▸ **Available records**
__________
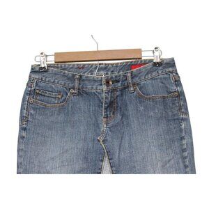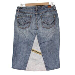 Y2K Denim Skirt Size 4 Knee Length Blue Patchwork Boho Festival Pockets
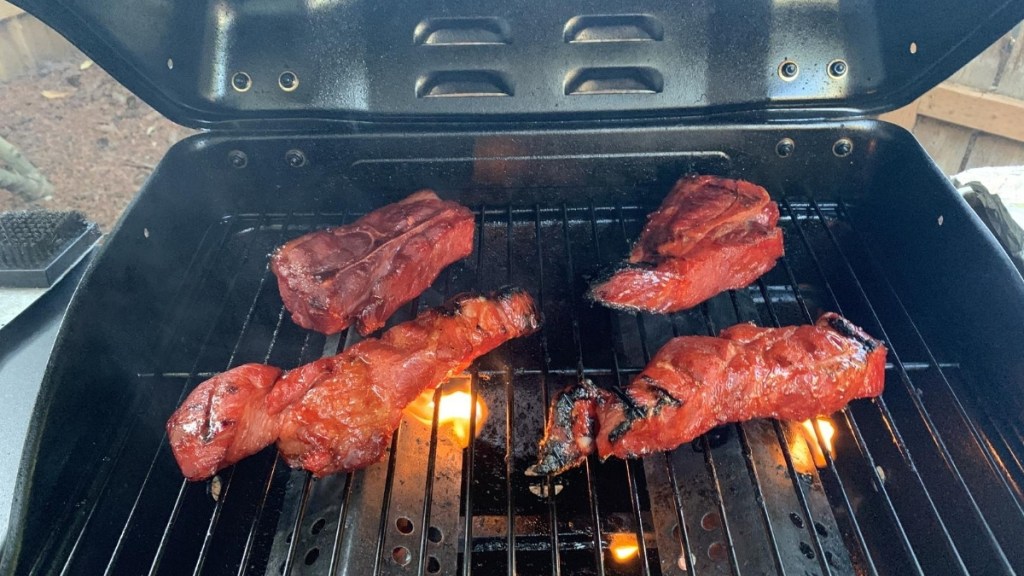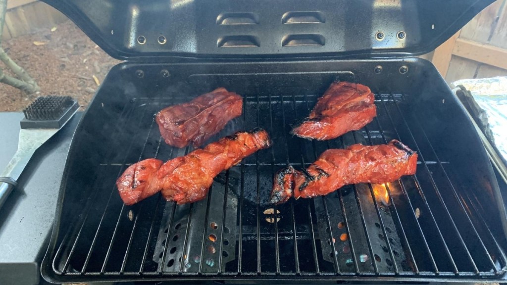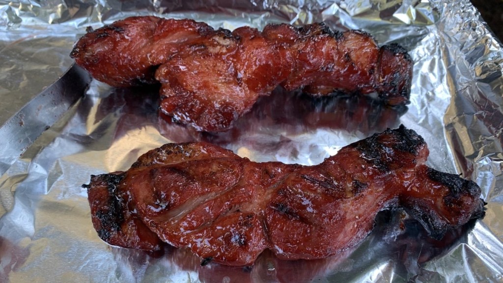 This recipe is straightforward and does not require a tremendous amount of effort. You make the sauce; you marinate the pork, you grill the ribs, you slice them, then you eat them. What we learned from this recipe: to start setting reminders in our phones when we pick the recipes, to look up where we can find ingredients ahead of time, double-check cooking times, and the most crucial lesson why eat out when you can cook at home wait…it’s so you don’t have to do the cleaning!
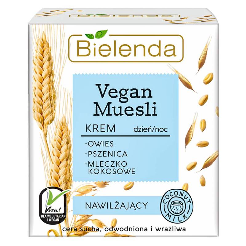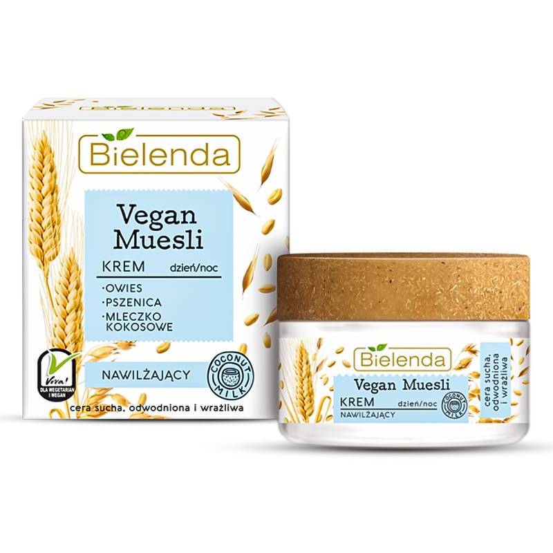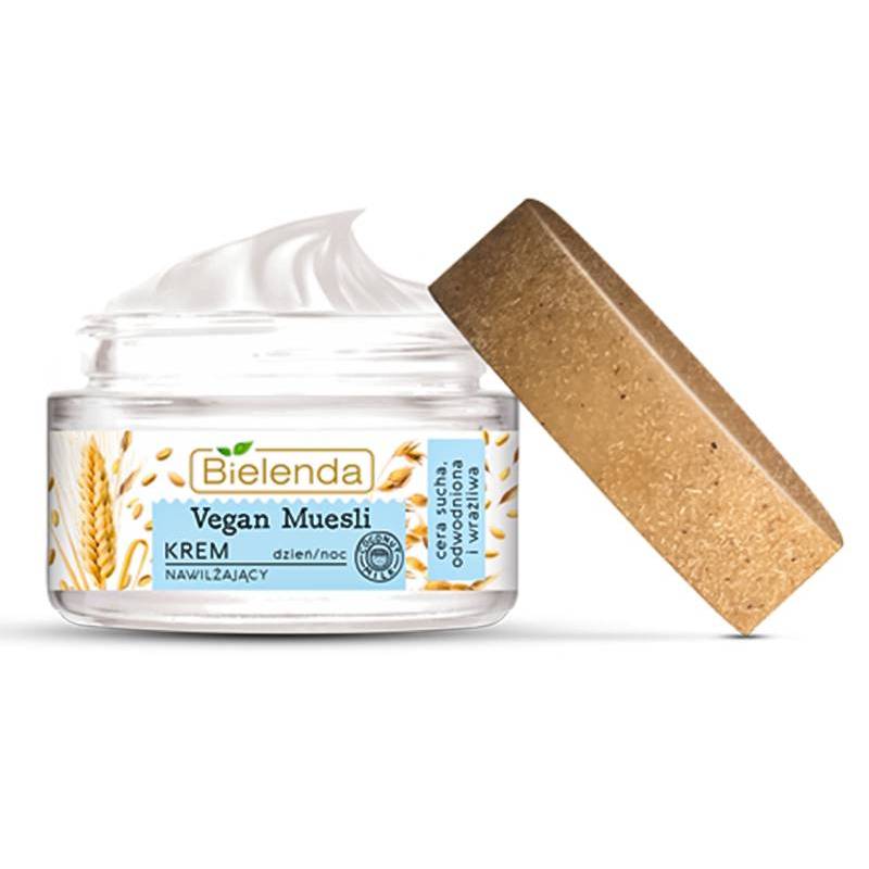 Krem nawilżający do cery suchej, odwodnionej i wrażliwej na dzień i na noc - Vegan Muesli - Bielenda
__________
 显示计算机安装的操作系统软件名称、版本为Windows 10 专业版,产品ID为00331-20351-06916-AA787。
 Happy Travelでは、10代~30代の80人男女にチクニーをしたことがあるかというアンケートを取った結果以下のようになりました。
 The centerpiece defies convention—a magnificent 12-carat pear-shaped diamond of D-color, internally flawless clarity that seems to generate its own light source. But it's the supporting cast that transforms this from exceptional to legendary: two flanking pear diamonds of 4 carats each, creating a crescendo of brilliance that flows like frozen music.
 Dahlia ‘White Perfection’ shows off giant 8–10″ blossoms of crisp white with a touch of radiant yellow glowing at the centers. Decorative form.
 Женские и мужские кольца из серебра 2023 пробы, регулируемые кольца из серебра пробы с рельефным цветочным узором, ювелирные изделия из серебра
__________
Within the listing above, the range opens at the line with "Happy Travelでは" and closes at the line with "The centerpiece defies". Reproduce exactly the lines of that range, including both ends.

▸ **Written response**
 Happy Travelでは、10代~30代の80人男女にチクニーをしたことがあるかというアンケートを取った結果以下のようになりました。
 The centerpiece defies convention—a magnificent 12-carat pear-shaped diamond of D-color, internally flawless clarity that seems to generate its own light source. But it's the supporting cast that transforms this from exceptional to legendary: two flanking pear diamonds of 4 carats each, creating a crescendo of brilliance that flows like frozen music.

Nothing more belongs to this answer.